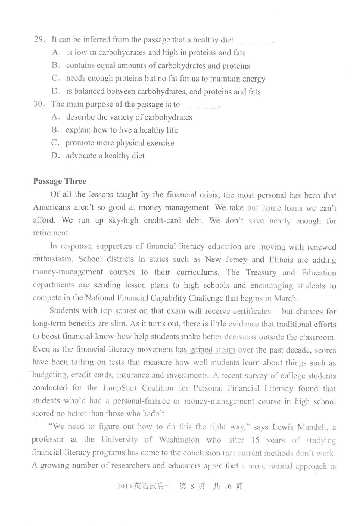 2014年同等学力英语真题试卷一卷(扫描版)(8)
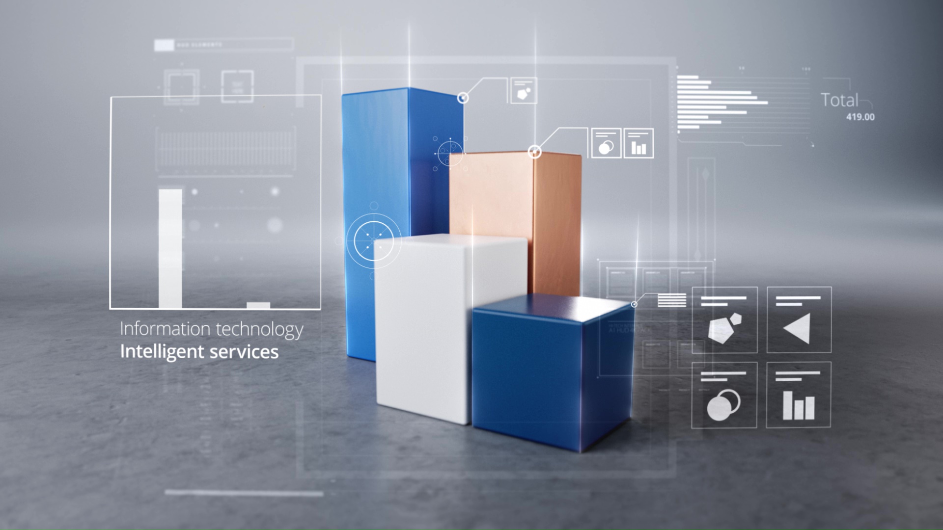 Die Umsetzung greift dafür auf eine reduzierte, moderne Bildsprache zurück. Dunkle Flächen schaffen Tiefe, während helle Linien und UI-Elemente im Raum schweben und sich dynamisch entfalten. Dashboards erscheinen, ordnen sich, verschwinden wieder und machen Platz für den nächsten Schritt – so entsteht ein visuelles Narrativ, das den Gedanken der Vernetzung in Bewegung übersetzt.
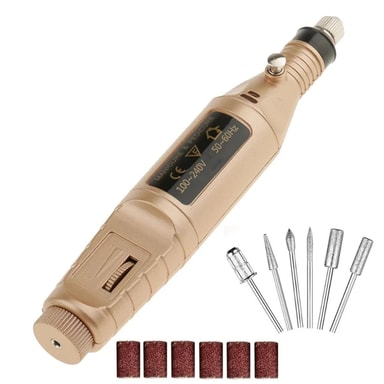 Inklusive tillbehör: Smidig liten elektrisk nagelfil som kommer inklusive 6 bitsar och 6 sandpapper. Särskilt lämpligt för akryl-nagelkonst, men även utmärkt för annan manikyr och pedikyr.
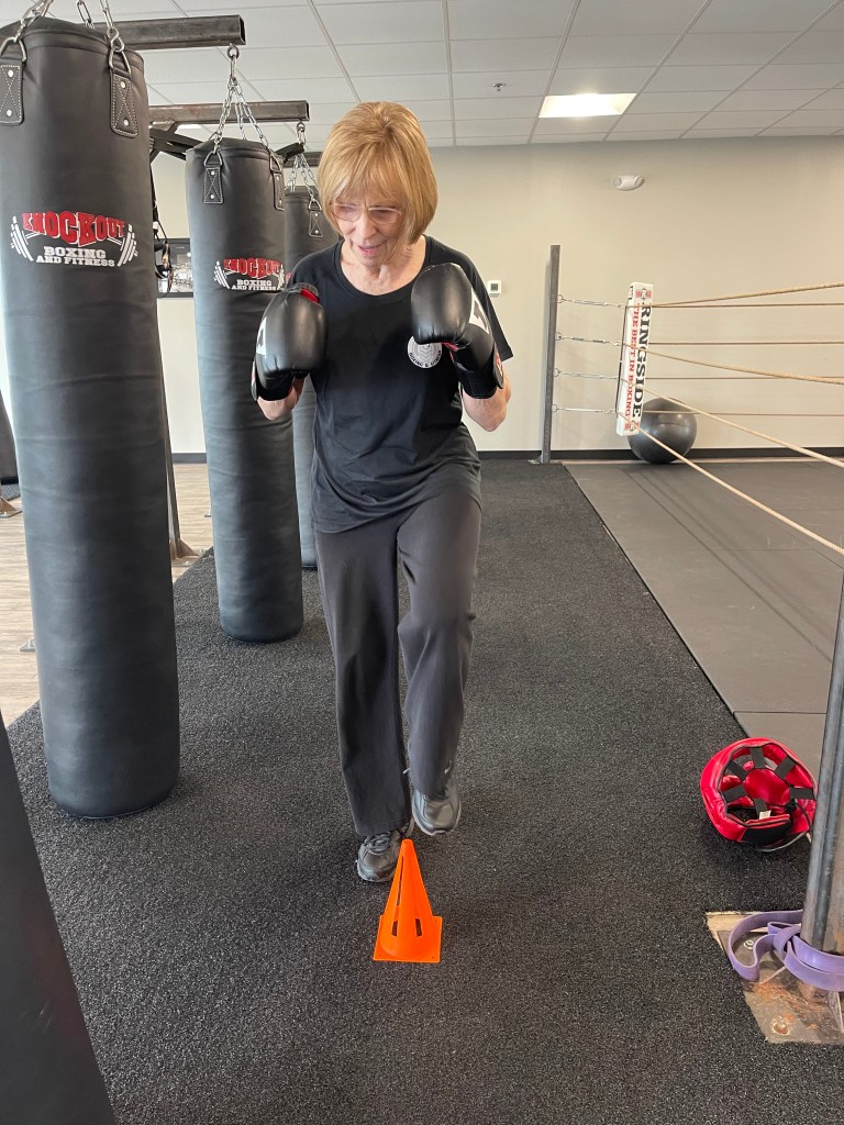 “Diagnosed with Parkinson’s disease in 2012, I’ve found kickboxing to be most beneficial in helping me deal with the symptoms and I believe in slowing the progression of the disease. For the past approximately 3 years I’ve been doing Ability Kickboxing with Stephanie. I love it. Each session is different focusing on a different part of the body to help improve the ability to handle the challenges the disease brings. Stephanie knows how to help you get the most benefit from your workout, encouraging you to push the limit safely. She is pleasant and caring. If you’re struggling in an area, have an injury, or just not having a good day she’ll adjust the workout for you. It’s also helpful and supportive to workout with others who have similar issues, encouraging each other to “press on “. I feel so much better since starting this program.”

--*--

Find the line containing "Inklusive tillbehör: Smidig" in the listing above. Restate it and every line after it, word for word, through the final line, leaving out the pictures.

 Inklusive tillbehör: Smidig liten elektrisk nagelfil som kommer inklusive 6 bitsar och 6 sandpapper. Särskilt lämpligt för akryl-nagelkonst, men även utmärkt för annan manikyr och pedikyr.
 “Diagnosed with Parkinson’s disease in 2012, I’ve found kickboxing to be most beneficial in helping me deal with the symptoms and I believe in slowing the progression of the disease. For the past approximately 3 years I’ve been doing Ability Kickboxing with Stephanie. I love it. Each session is different focusing on a different part of the body to help improve the ability to handle the challenges the disease brings. Stephanie knows how to help you get the most benefit from your workout, encouraging you to push the limit safely. She is pleasant and caring. If you’re struggling in an area, have an injury, or just not having a good day she’ll adjust the workout for you. It’s also helpful and supportive to workout with others who have similar issues, encouraging each other to “press on “. I feel so much better since starting this program.”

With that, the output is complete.